**RECORD SET**
★ ★ ★ ★ ★ ★ ★

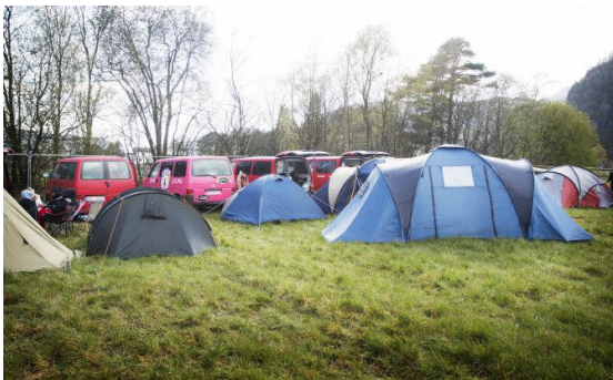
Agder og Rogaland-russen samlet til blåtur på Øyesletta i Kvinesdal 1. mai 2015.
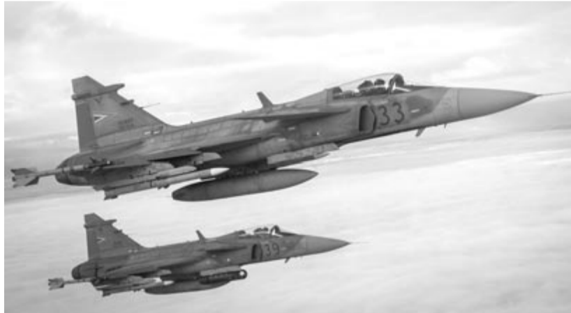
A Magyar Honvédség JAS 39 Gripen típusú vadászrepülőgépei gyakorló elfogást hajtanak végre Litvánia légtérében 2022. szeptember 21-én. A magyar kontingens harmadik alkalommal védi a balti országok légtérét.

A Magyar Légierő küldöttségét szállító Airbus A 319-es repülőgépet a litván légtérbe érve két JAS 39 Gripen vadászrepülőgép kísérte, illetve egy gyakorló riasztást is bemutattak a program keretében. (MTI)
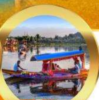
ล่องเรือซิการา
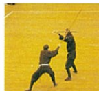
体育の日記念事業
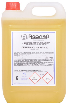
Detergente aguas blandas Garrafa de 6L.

★ ★ ★ ★ ★ ★ ★

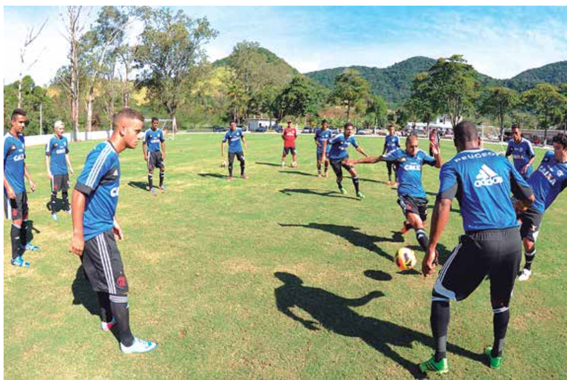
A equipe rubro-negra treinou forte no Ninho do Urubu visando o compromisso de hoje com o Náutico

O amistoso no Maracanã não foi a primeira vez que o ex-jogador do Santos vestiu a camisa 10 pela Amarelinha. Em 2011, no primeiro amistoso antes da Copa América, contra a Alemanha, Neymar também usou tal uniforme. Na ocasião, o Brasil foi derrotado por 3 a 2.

★ ★ ★ ★ ★ ★ ★

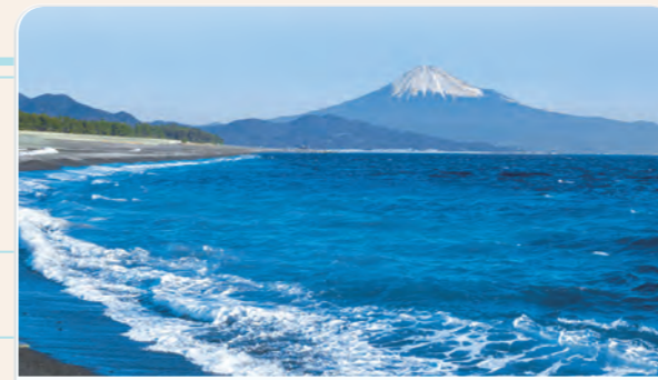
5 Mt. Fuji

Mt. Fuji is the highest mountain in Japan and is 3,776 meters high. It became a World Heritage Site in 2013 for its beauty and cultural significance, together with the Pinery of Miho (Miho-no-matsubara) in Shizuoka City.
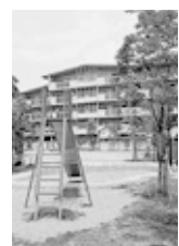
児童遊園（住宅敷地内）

★ ★ ★ ★ ★ ★ ★

**BRIEF**
Starting at the line with "Agder og Rogaland-russen" and finishing at the line with "Detergente aguas blandas Garrafa de 6L.", copy the material above exactly, both lines included. Nothing else goes in, and no pictures.

**OUTPUT BELOW**
Agder og Rogaland-russen samlet til blåtur på Øyesletta i Kvinesdal 1. mai 2015.
A Magyar Honvédség JAS 39 Gripen típusú vadászrepülőgépei gyakorló elfogást hajtanak végre Litvánia légtérében 2022. szeptember 21-én. A magyar kontingens harmadik alkalommal védi a balti országok légtérét.

A Magyar Légierő küldöttségét szállító Airbus A 319-es repülőgépet a litván légtérbe érve két JAS 39 Gripen vadászrepülőgép kísérte, illetve egy gyakorló riasztást is bemutattak a program keretében. (MTI)
ล่องเรือซิการา
体育の日記念事業
Detergente aguas blandas Garrafa de 6L.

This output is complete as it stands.